Assigned task
Nothing but the pictures should be left out when the entries below are duplicated.
-- Source material follows --
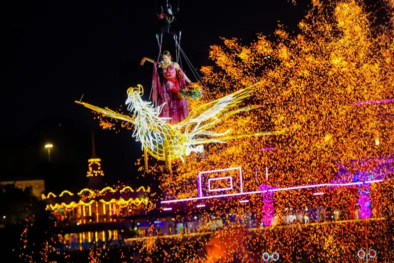 重慶歡樂谷舉行了新春大妙會(huì)活動(dòng),集水陸空立體非遺大秀、百場(chǎng)非遺演藝、多種民俗互動(dòng)、年味萬(wàn)福市集等于一體,以傳統(tǒng)與現(xiàn)代碰撞的獨(dú)特魅力為游客奉上沉浸式的地道年味體驗(yàn)。其中,非遺大秀在夜幕中璀璨亮相,1600℃的鐵水揮灑成漫天花火,演員化身“天女”撒下花瓣雨,湖面的龍船、火鳳凰、風(fēng)火輪等裝置火光綻放,光影成趣,水陸空一體聯(lián)動(dòng),驚艷絕倫;川劇變臉、潮汕英歌舞、福建游神、電音三太子等百場(chǎng)非遺演藝,讓游客可一站式領(lǐng)略全國(guó)傳統(tǒng)文化魅力,吸引絡(luò)繹不絕的游客前往。
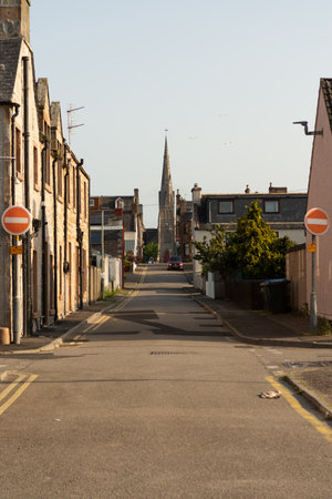 Church of Scotland, Parish Church Invergordon with lots of residential buildings and street in front during sunrise, vertical shot
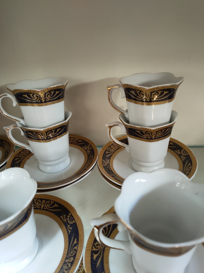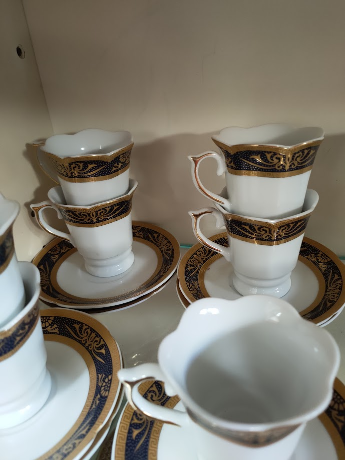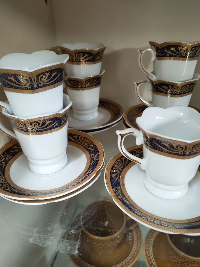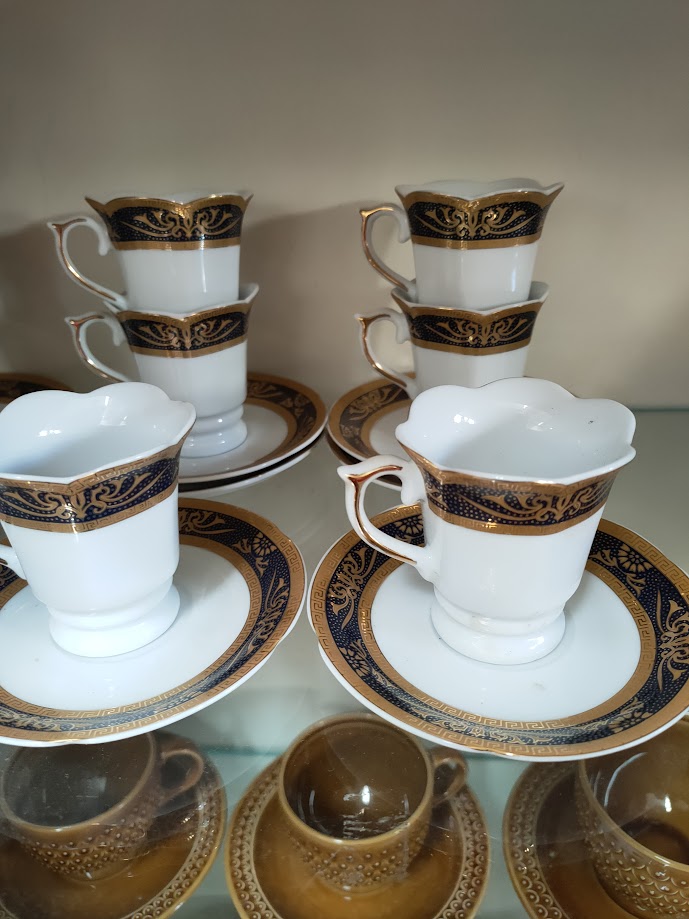 Set di 12 Tazzine da Caffè con Piattini in Porcellana Greca “Dimlaj” in Buone condizioni come da foto
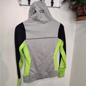 VS PINK Ultimate High Neck Pullover Gray Neon Green Color Block Sweater Size XS. Gray, neon green/yellow & black colorblock coloring. Signature pink branding/logo on the chest. Large kangaroo pocket on the front with the option to zip them closed; concealed zippers on either side/end. Long sleeves with thumbholes. Pullover styling; no closures.
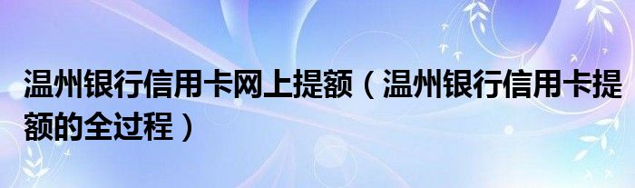 大家好,小元来为大家解答问题。温州银行信用卡网上提额,温州银行信用卡提额的全过程这个很多人还不知道,现在让我们一起来了解下吧!
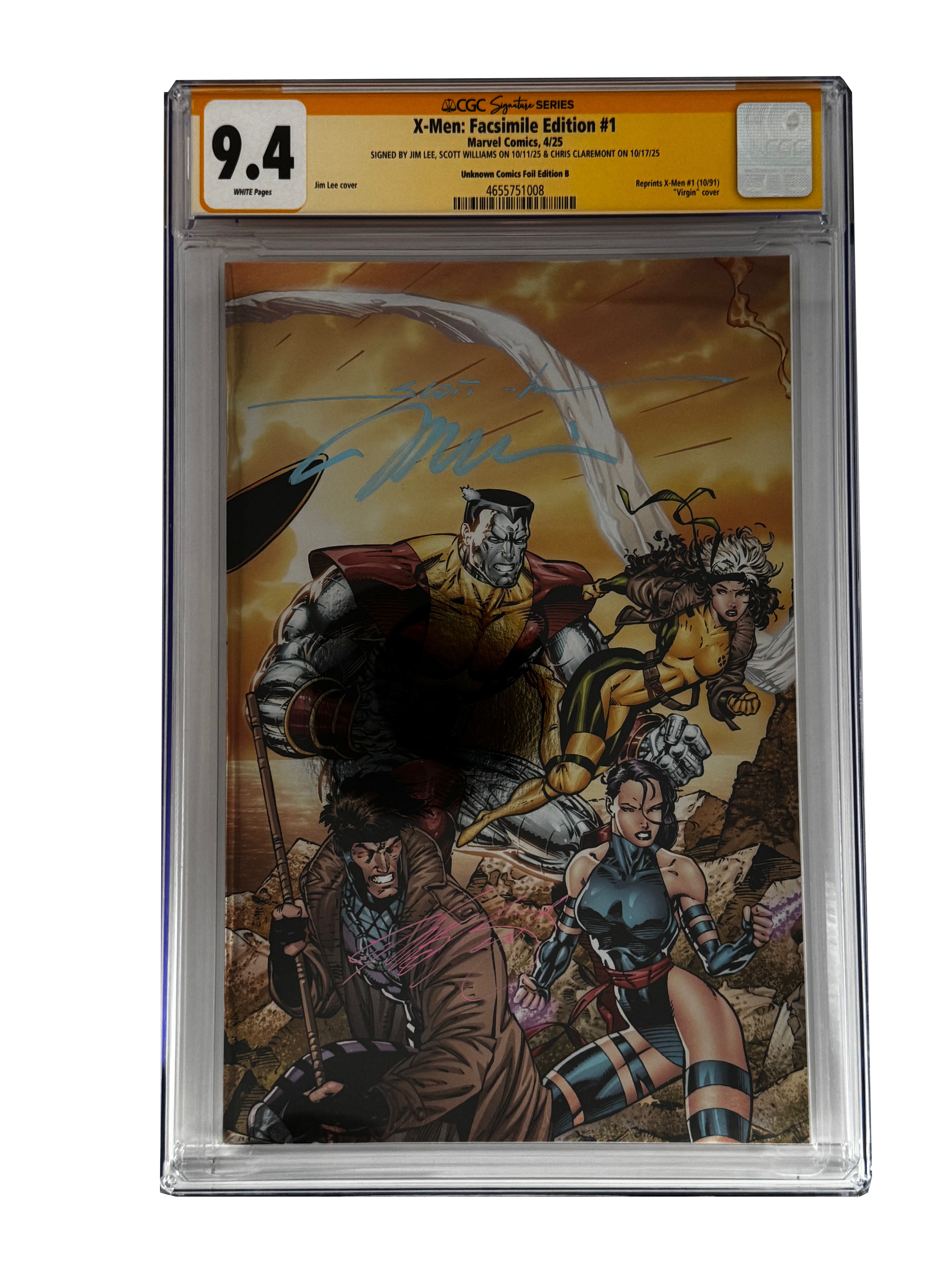 [SIGNED CGC YELLOW LABEL] [4 PACK 🚨 Limited Edition! 🚨] [FOIL] X-Men 1991 #1 Facsimile Edition Unknown Comics Jim Lee Exclusive Connecting Cover Var (12/2025)
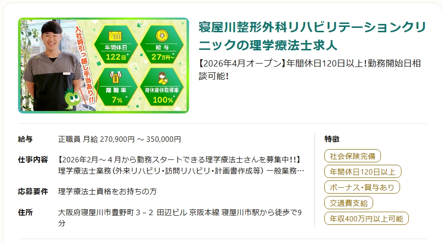 市役所ちかくに「寝屋川整形外科リハビリテーションクリニック」ができるみたい。4月オープン
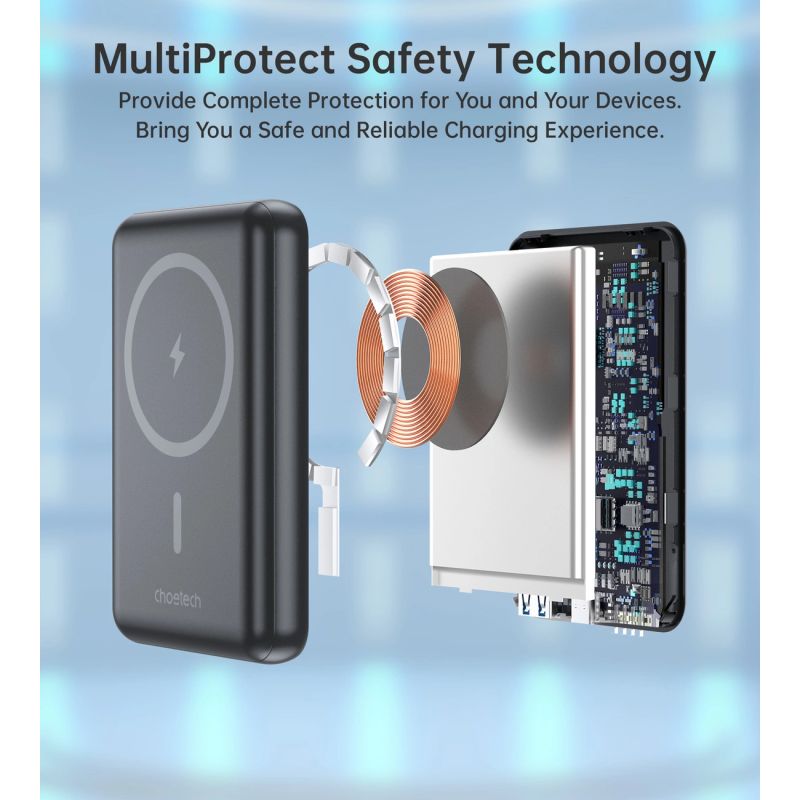 Złącza USB-C i USB-A oferują elastyczność podłączania różnorodnych urządzeń, od smartfonów po tablety, czyniąc powerbank marki Choetech B662 niezbędnymakcesorium w każdym domu i w podróży.
-- Source material concluded --
Answer to the exercise
 重慶歡樂谷舉行了新春大妙會(huì)活動(dòng),集水陸空立體非遺大秀、百場(chǎng)非遺演藝、多種民俗互動(dòng)、年味萬(wàn)福市集等于一體,以傳統(tǒng)與現(xiàn)代碰撞的獨(dú)特魅力為游客奉上沉浸式的地道年味體驗(yàn)。其中,非遺大秀在夜幕中璀璨亮相,1600℃的鐵水揮灑成漫天花火,演員化身“天女”撒下花瓣雨,湖面的龍船、火鳳凰、風(fēng)火輪等裝置火光綻放,光影成趣,水陸空一體聯(lián)動(dòng),驚艷絕倫;川劇變臉、潮汕英歌舞、福建游神、電音三太子等百場(chǎng)非遺演藝,讓游客可一站式領(lǐng)略全國(guó)傳統(tǒng)文化魅力,吸引絡(luò)繹不絕的游客前往。
 Church of Scotland, Parish Church Invergordon with lots of residential buildings and street in front during sunrise, vertical shot
 Set di 12 Tazzine da Caffè con Piattini in Porcellana Greca “Dimlaj” in Buone condizioni come da foto
 VS PINK Ultimate High Neck Pullover Gray Neon Green Color Block Sweater Size XS. Gray, neon green/yellow & black colorblock coloring. Signature pink branding/logo on the chest. Large kangaroo pocket on the front with the option to zip them closed; concealed zippers on either side/end. Long sleeves with thumbholes. Pullover styling; no closures.
 大家好,小元来为大家解答问题。温州银行信用卡网上提额,温州银行信用卡提额的全过程这个很多人还不知道,现在让我们一起来了解下吧!
 [SIGNED CGC YELLOW LABEL] [4 PACK 🚨 Limited Edition! 🚨] [FOIL] X-Men 1991 #1 Facsimile Edition Unknown Comics Jim Lee Exclusive Connecting Cover Var (12/2025)
 市役所ちかくに「寝屋川整形外科リハビリテーションクリニック」ができるみたい。4月オープン
 Złącza USB-C i USB-A oferują elastyczność podłączania różnorodnych urządzeń, od smartfonów po tablety, czyniąc powerbank marki Choetech B662 niezbędnymakcesorium w każdym domu i w podróży.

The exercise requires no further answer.